* [What you have to do] Word for word, give the records again, dropping any picture they hold.

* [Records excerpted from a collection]
_ _ _ _ _
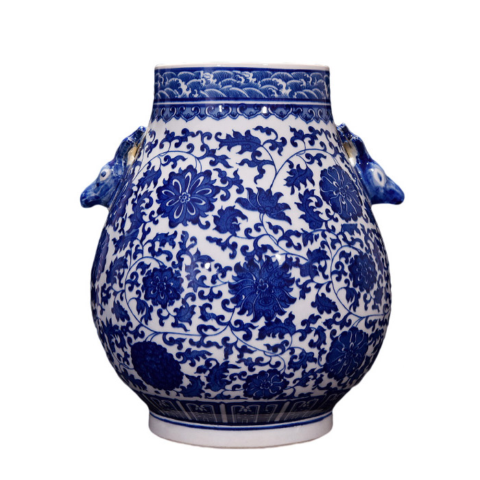 1: Blue and white tangled lotus double-eared Luohan vase: 43x33x9x- cm
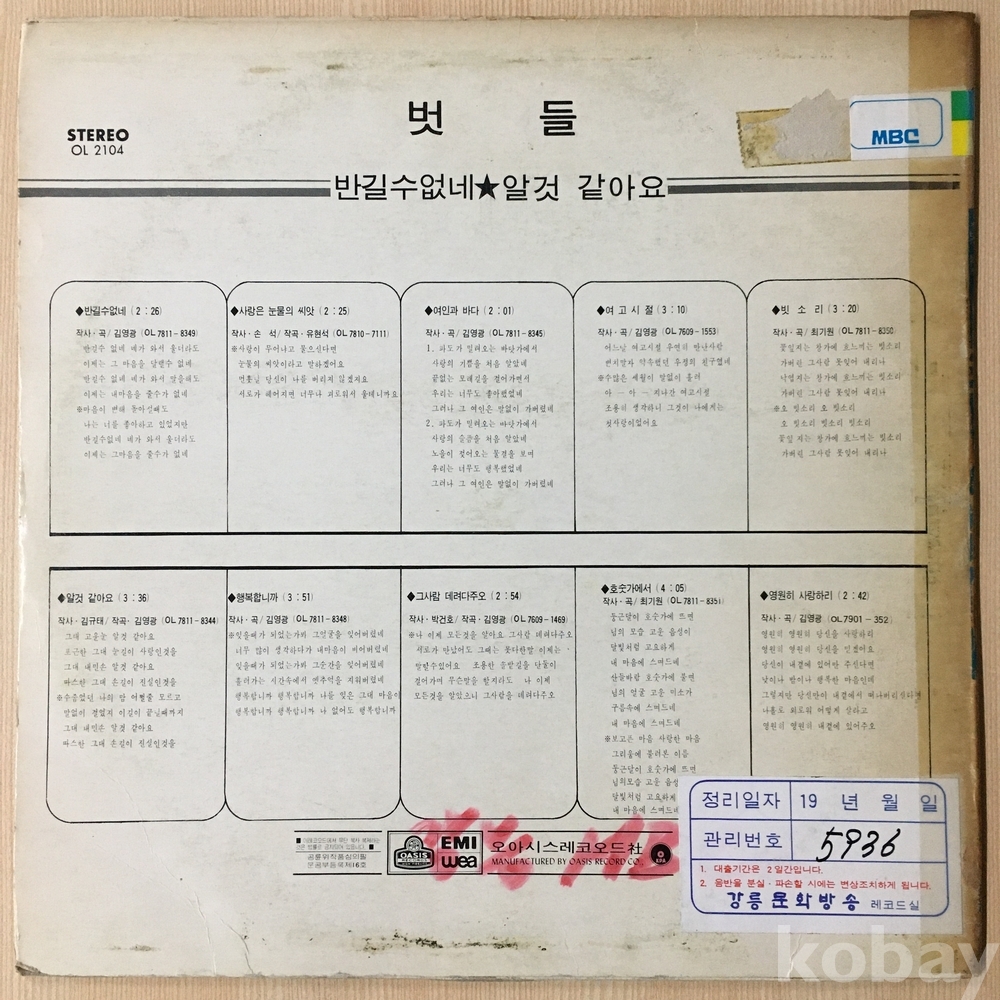 . 가요음반 대부분은 휘어짐이나 손상을 방지하기 위해 무지싱글자킷을 하나 더 사용하여 보관되었던 음반들입니다.
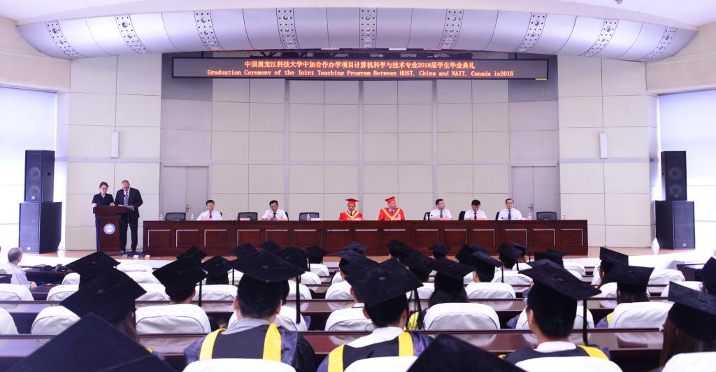 6月26日上午,国际教育学院在报告厅举行了中国2UP.IO_2UP.IO(中国)中加合作办学项目计算机科学与技术专业2018届毕业生毕业典礼。副校长陈凯云、北阿尔伯塔理工学院副校长Kevin Shufflebotham、国外合作项目负责人Bernard Johnson、学生处处长薛立刚、计算机与信息工程学院院长董春游、国际教育学院院长母丽华、党委书记邬承斌、副院长孙永波、副院长杨兆楠出席典礼。全体2018届中加计算机专业毕业生、中加计算机专业在校生代表参加了典礼。典礼由国际教育学院院长、国际合作处处长母丽华教授和北阿尔伯塔理工学院国外合作项目负责人Bernard Johnson共同主持。
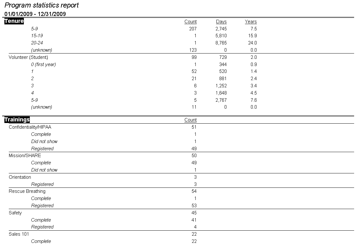 Unlike older versions of this report, the Program Statistics Report in version 1.7+ "steps back in time". That is, where transitions records are recorded, VSys attempts to determine what each person's status was at the end of the reporting period. This means that an inactive staff member now (31 January 2011) who was an active volunteer in December of 2009 will report as an active volunteer when the report is run with an end date of 31 December 2009.
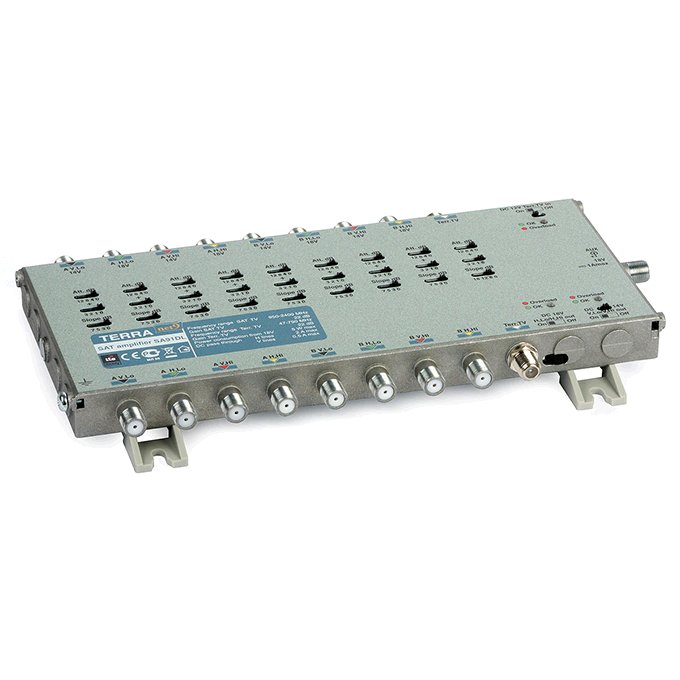Zesilovač Terra SA-501 je navržen pro zesílení signálů z QUATTRO konvertoru a terestrický vstup. Použití tohoto zesilovače je určeno pro budování distribučních sítí za použití multiswitch přepínačů.
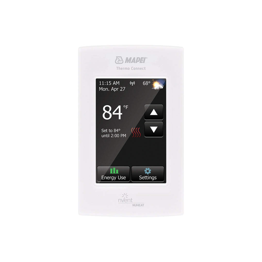 The thermostat also provides homeowners with useful information such as energy usage and weather forecasts. The Mapeheat Thermo Connect thermostat features 7-day programmability, dual-voltage compatibility (120 V and 240 V) and built-in GFCI protection (Class A). The exclusive design features a high-gloss frame and a borderless clear acrylic that blends into any modern room decor.
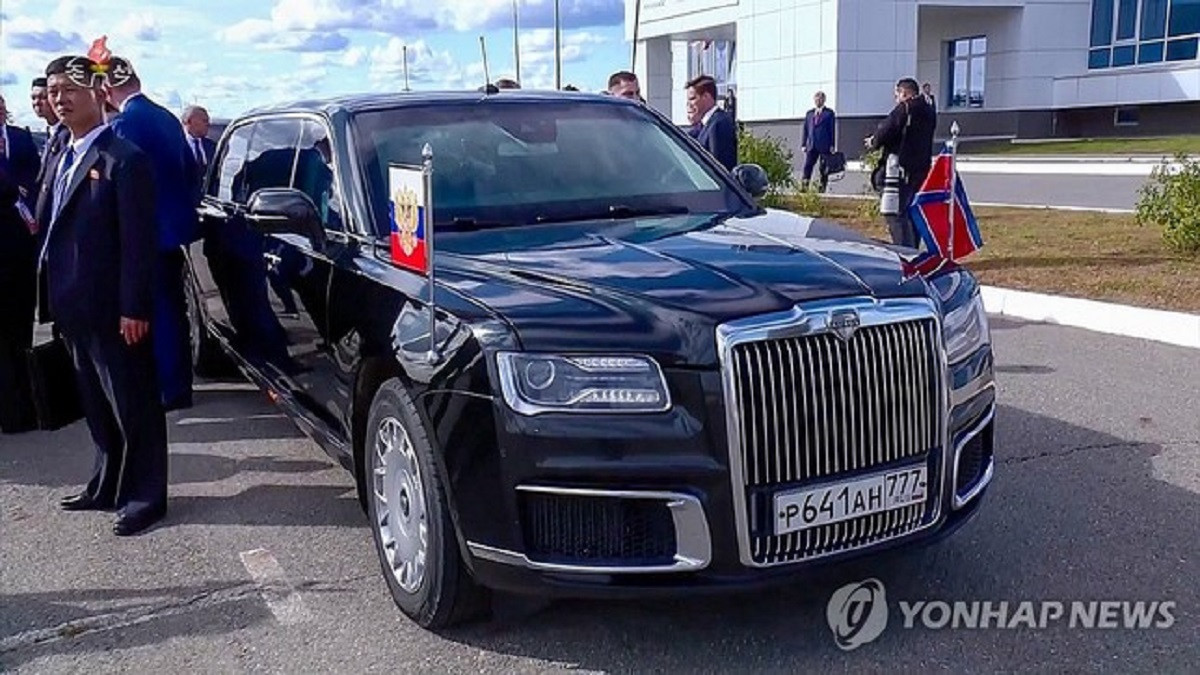 Chiếc xe limousine Aurus Senat mà Tổng thống Nga Vladimir Putin và Chủ tịch Triều Tiên Kim Jong-un sử dụng khi họ gặp nhau tại Vostochny Cosmodrome ngày 13/9/2023. (Ảnh: Yonhap)
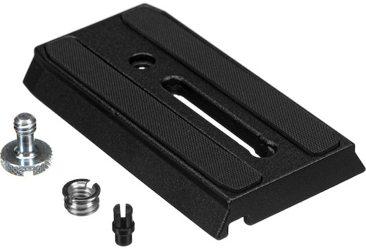 It comes supplied with one 1/4"-20 screw and one 3/8"-16 adapter bushing, and features a location (video) pin.
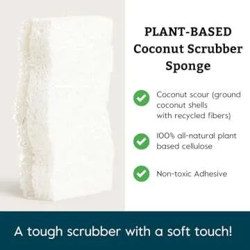 Grove Co. Sponges, Natural Coconut Scrubber Kitchen Sponge, Dual-Sided, Non-Scratch, Super Absorbent Plant-Based Cellulose with Coconut Husk Scourer, Household Cleaning Essentials, 6 Pack
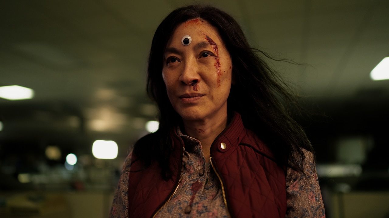 The film’s narrative centers around a disgruntled laundromat worker named Evelyn Wang and her struggling family, who are all under intense pressure due to the IRS auditing their business. Additionally, her unhappy husband Waymond is attempting to file for their divorce, her overbearing father Gong Gong has arrived from China to see her, and their daughter Joy (Stephanie Hsu) has been trying to get Evelyn to accept her girlfriend Becky (Tailie Medel). However, a fateful meeting with IRS inspector Deirdre Beaubeirdra (Jamie Lee Curtis) culminates in Evelyn’s sudden encounter with a variant of her husband hailing from the “Alphaverse”, home to a military group using “verse-jumping” technology to travel to different timelines. Their ultimate goal is to prevent a god-like being named “Jobu Tupaki” from using a black hole-like device known as the “everything bagel” to potentially destroy the entire multiverse.
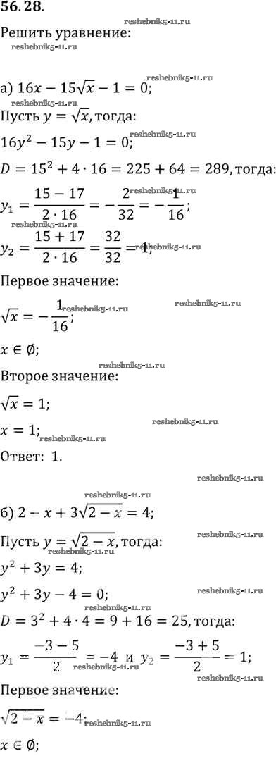 Готовая домашняя работа с ответами по Алгебре за 10, 11 класс Мордкович, Денищева, Корешкова, Мишустина, Семёнов, Тульчинская Задачник Базовый уровень Часть 2 Мнемозина 2015 ФГОС - §56. Общие методы решения уравнений 56. 28
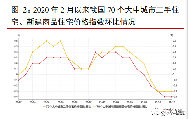 此外,2021 年初,深圳率先建立二手住房成交参考价格发布机制,随后无锡、东莞、 宁波、成都等城市跟进。二手房指导价出台后,我国 70 个大中城市新建商品住宅和二手 住宅价格指数环比增速均呈下跌趋势,且从 2021 年 9 月开始两个价格指数持续环比负 增长。同时,2021 年我国商品房销售面积、销售额、房地产开发投资完成额的同比增速均持续走低。而房地产开发资金来源中的国内贷款累计同比增速自 2021 年 6 月份进入 负区间。此外,房屋新开工面积累计同比于 2021 年 7 月份进入负增长区间,且累计同 比降幅持续扩大,全年房屋新开工面积同比下降幅度达到 11.4%。施工面积方面,2021 年下半年以来累计同比增速持续下滑,全年房屋施工面积同比增长 5.2%。
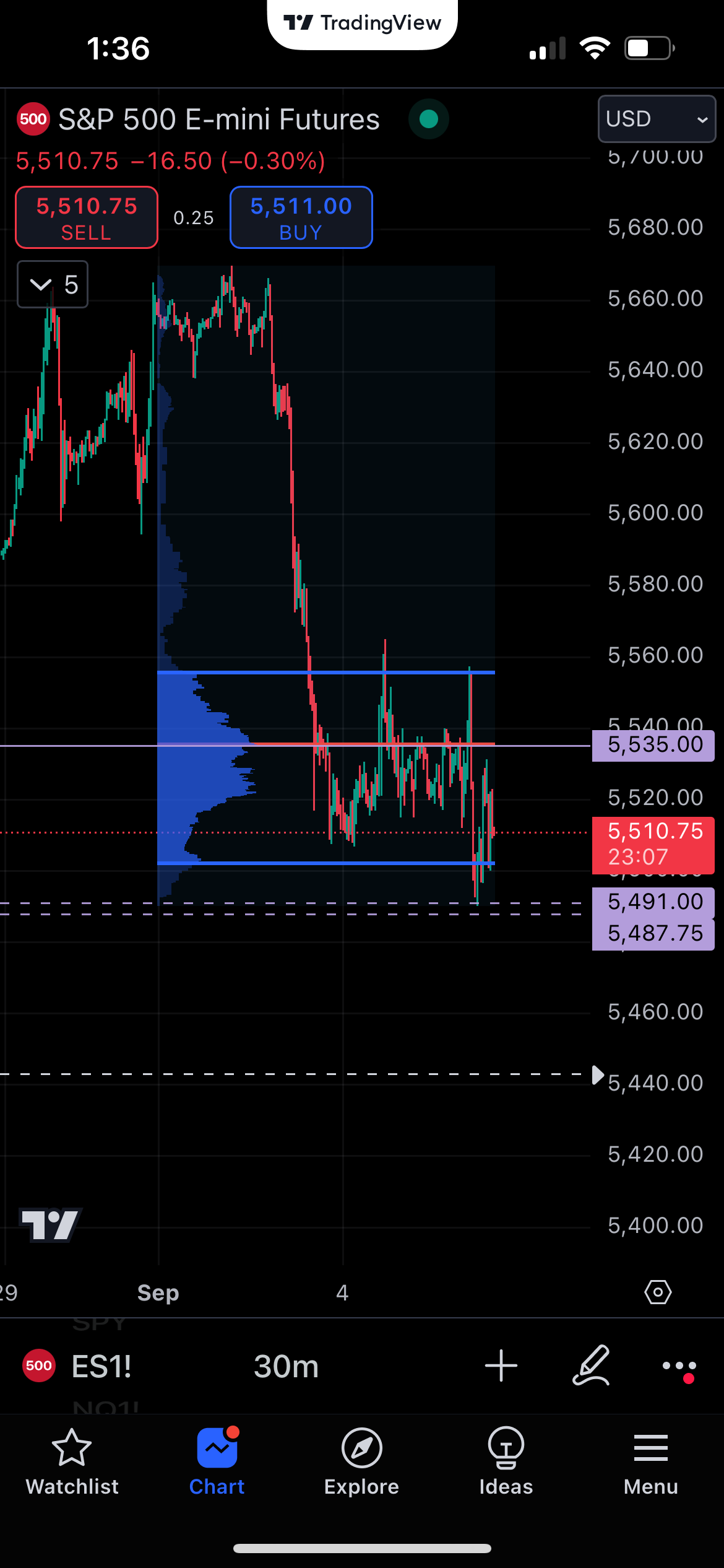 All indices are gapping value lower on a weekly basis. This is quite bearish. That said ES hit my major downside target for the 5585-5665 box breakdown and NQ is holding a critical spot. We have NFP tomorrow and I’ve said all week it makes sense for ES to balance near 5530s ahead of NFP. Here is your volume profile for the developing week. An aggro sell Monday followed by balance. If you’re familiar with how to play this profile shape (a b-shaped profile) then you’re all set for tomorrow. We’ll discuss tonight as I do think NFP is the major event for this week.
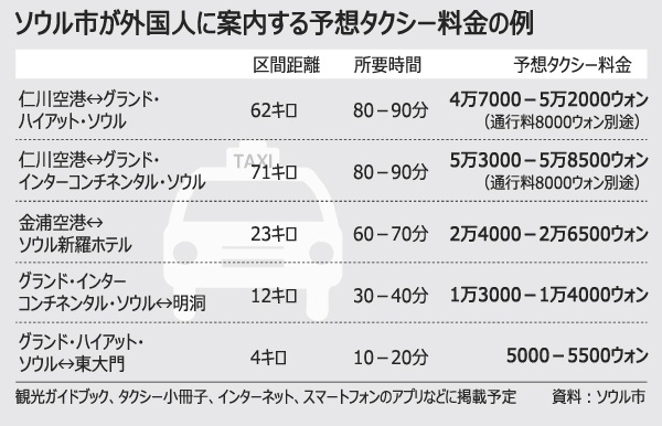 例えば、仁川国際空港からグランド・ハイアット・ソウルまで行く場合に予想されるタクシー料金は4万7000ウォン(約4000円)=通行料金別途=で所要時間は80-90分だという。ソウル市内の一般タクシーを基準に、割増料金が適用されていないことを前提に算出したものだ。予想タクシー料金表は今月末からソウル観光ホームページに掲載される。7月からはソウル観光アプリ、ガイドブック、タクシー内の小冊子などにも掲載される予定だ。
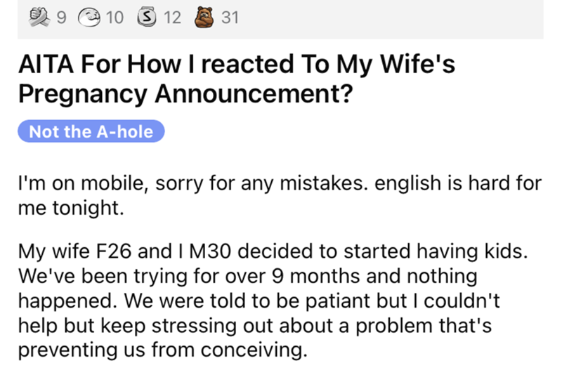 Wife Announces Pregnancy, Husband Assumes It's A Joke, Cringe Ensues
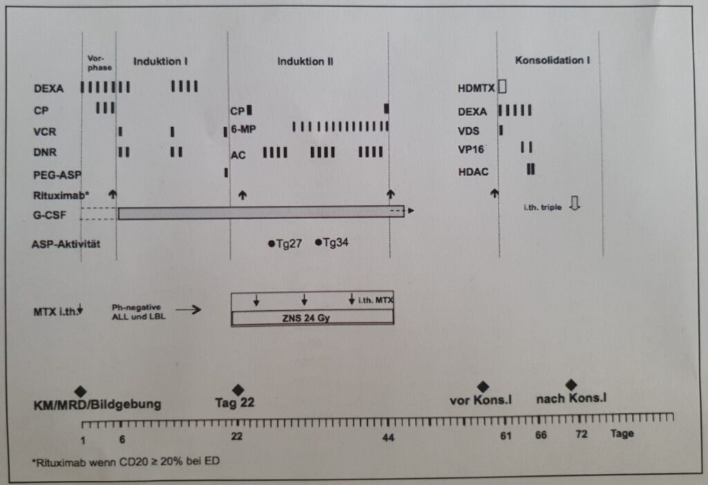 Die Krebszellen kann man nur bei der Zellteilung erwischen, einsame schlummerde werden nicht von den guten Zytostatika zerstört. Daher greifen die Chemos auf unterschiedliche Weise bei der Teilung an. Neben dem Cyclophosmamid gibts in der Induktion 2 neuen Stoff: Cytarabin, Mercaptopurin und Methotrextat. .
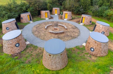 Exclusive use of our stunning fully insulated and heated wooden camping pods set in a meadow around a campfire. The Lodge provides toilets, showers, and dining area with bifold doors to eat indoors or al fresco.
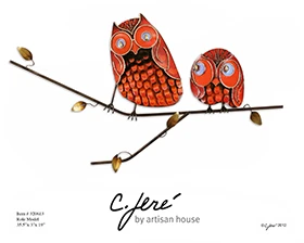 Role Model features two vividly colored owls perched upon a tree branch. As its name suggests, the piece provides a glimpse into the story of an elder owl mentoring his junior. Made of painted steel, all finely detailed elements pop with the creative use of colors and texture.
_ _ _ _ _
* [Result of this task]
 1: Blue and white tangled lotus double-eared Luohan vase: 43x33x9x- cm
 . 가요음반 대부분은 휘어짐이나 손상을 방지하기 위해 무지싱글자킷을 하나 더 사용하여 보관되었던 음반들입니다.
 6月26日上午,国际教育学院在报告厅举行了中国2UP.IO_2UP.IO(中国)中加合作办学项目计算机科学与技术专业2018届毕业生毕业典礼。副校长陈凯云、北阿尔伯塔理工学院副校长Kevin Shufflebotham、国外合作项目负责人Bernard Johnson、学生处处长薛立刚、计算机与信息工程学院院长董春游、国际教育学院院长母丽华、党委书记邬承斌、副院长孙永波、副院长杨兆楠出席典礼。全体2018届中加计算机专业毕业生、中加计算机专业在校生代表参加了典礼。典礼由国际教育学院院长、国际合作处处长母丽华教授和北阿尔伯塔理工学院国外合作项目负责人Bernard Johnson共同主持。
 Unlike older versions of this report, the Program Statistics Report in version 1.7+ "steps back in time". That is, where transitions records are recorded, VSys attempts to determine what each person's status was at the end of the reporting period. This means that an inactive staff member now (31 January 2011) who was an active volunteer in December of 2009 will report as an active volunteer when the report is run with an end date of 31 December 2009.
Zesilovač Terra SA-501 je navržen pro zesílení signálů z QUATTRO konvertoru a terestrický vstup. Použití tohoto zesilovače je určeno pro budování distribučních sítí za použití multiswitch přepínačů.
 The thermostat also provides homeowners with useful information such as energy usage and weather forecasts. The Mapeheat Thermo Connect thermostat features 7-day programmability, dual-voltage compatibility (120 V and 240 V) and built-in GFCI protection (Class A). The exclusive design features a high-gloss frame and a borderless clear acrylic that blends into any modern room decor.
 Chiếc xe limousine Aurus Senat mà Tổng thống Nga Vladimir Putin và Chủ tịch Triều Tiên Kim Jong-un sử dụng khi họ gặp nhau tại Vostochny Cosmodrome ngày 13/9/2023. (Ảnh: Yonhap)
 It comes supplied with one 1/4"-20 screw and one 3/8"-16 adapter bushing, and features a location (video) pin.
 Grove Co. Sponges, Natural Coconut Scrubber Kitchen Sponge, Dual-Sided, Non-Scratch, Super Absorbent Plant-Based Cellulose with Coconut Husk Scourer, Household Cleaning Essentials, 6 Pack
 The film’s narrative centers around a disgruntled laundromat worker named Evelyn Wang and her struggling family, who are all under intense pressure due to the IRS auditing their business. Additionally, her unhappy husband Waymond is attempting to file for their divorce, her overbearing father Gong Gong has arrived from China to see her, and their daughter Joy (Stephanie Hsu) has been trying to get Evelyn to accept her girlfriend Becky (Tailie Medel). However, a fateful meeting with IRS inspector Deirdre Beaubeirdra (Jamie Lee Curtis) culminates in Evelyn’s sudden encounter with a variant of her husband hailing from the “Alphaverse”, home to a military group using “verse-jumping” technology to travel to different timelines. Their ultimate goal is to prevent a god-like being named “Jobu Tupaki” from using a black hole-like device known as the “everything bagel” to potentially destroy the entire multiverse.
 Готовая домашняя работа с ответами по Алгебре за 10, 11 класс Мордкович, Денищева, Корешкова, Мишустина, Семёнов, Тульчинская Задачник Базовый уровень Часть 2 Мнемозина 2015 ФГОС - §56. Общие методы решения уравнений 56. 28
 此外,2021 年初,深圳率先建立二手住房成交参考价格发布机制,随后无锡、东莞、 宁波、成都等城市跟进。二手房指导价出台后,我国 70 个大中城市新建商品住宅和二手 住宅价格指数环比增速均呈下跌趋势,且从 2021 年 9 月开始两个价格指数持续环比负 增长。同时,2021 年我国商品房销售面积、销售额、房地产开发投资完成额的同比增速均持续走低。而房地产开发资金来源中的国内贷款累计同比增速自 2021 年 6 月份进入 负区间。此外,房屋新开工面积累计同比于 2021 年 7 月份进入负增长区间,且累计同 比降幅持续扩大,全年房屋新开工面积同比下降幅度达到 11.4%。施工面积方面,2021 年下半年以来累计同比增速持续下滑,全年房屋施工面积同比增长 5.2%。
 All indices are gapping value lower on a weekly basis. This is quite bearish. That said ES hit my major downside target for the 5585-5665 box breakdown and NQ is holding a critical spot. We have NFP tomorrow and I’ve said all week it makes sense for ES to balance near 5530s ahead of NFP. Here is your volume profile for the developing week. An aggro sell Monday followed by balance. If you’re familiar with how to play this profile shape (a b-shaped profile) then you’re all set for tomorrow. We’ll discuss tonight as I do think NFP is the major event for this week.
 例えば、仁川国際空港からグランド・ハイアット・ソウルまで行く場合に予想されるタクシー料金は4万7000ウォン(約4000円)=通行料金別途=で所要時間は80-90分だという。ソウル市内の一般タクシーを基準に、割増料金が適用されていないことを前提に算出したものだ。予想タクシー料金表は今月末からソウル観光ホームページに掲載される。7月からはソウル観光アプリ、ガイドブック、タクシー内の小冊子などにも掲載される予定だ。
 Wife Announces Pregnancy, Husband Assumes It's A Joke, Cringe Ensues
 Die Krebszellen kann man nur bei der Zellteilung erwischen, einsame schlummerde werden nicht von den guten Zytostatika zerstört. Daher greifen die Chemos auf unterschiedliche Weise bei der Teilung an. Neben dem Cyclophosmamid gibts in der Induktion 2 neuen Stoff: Cytarabin, Mercaptopurin und Methotrextat. .
 Exclusive use of our stunning fully insulated and heated wooden camping pods set in a meadow around a campfire. The Lodge provides toilets, showers, and dining area with bifold doors to eat indoors or al fresco.
 Role Model features two vividly colored owls perched upon a tree branch. As its name suggests, the piece provides a glimpse into the story of an elder owl mentoring his junior. Made of painted steel, all finely detailed elements pop with the creative use of colors and texture.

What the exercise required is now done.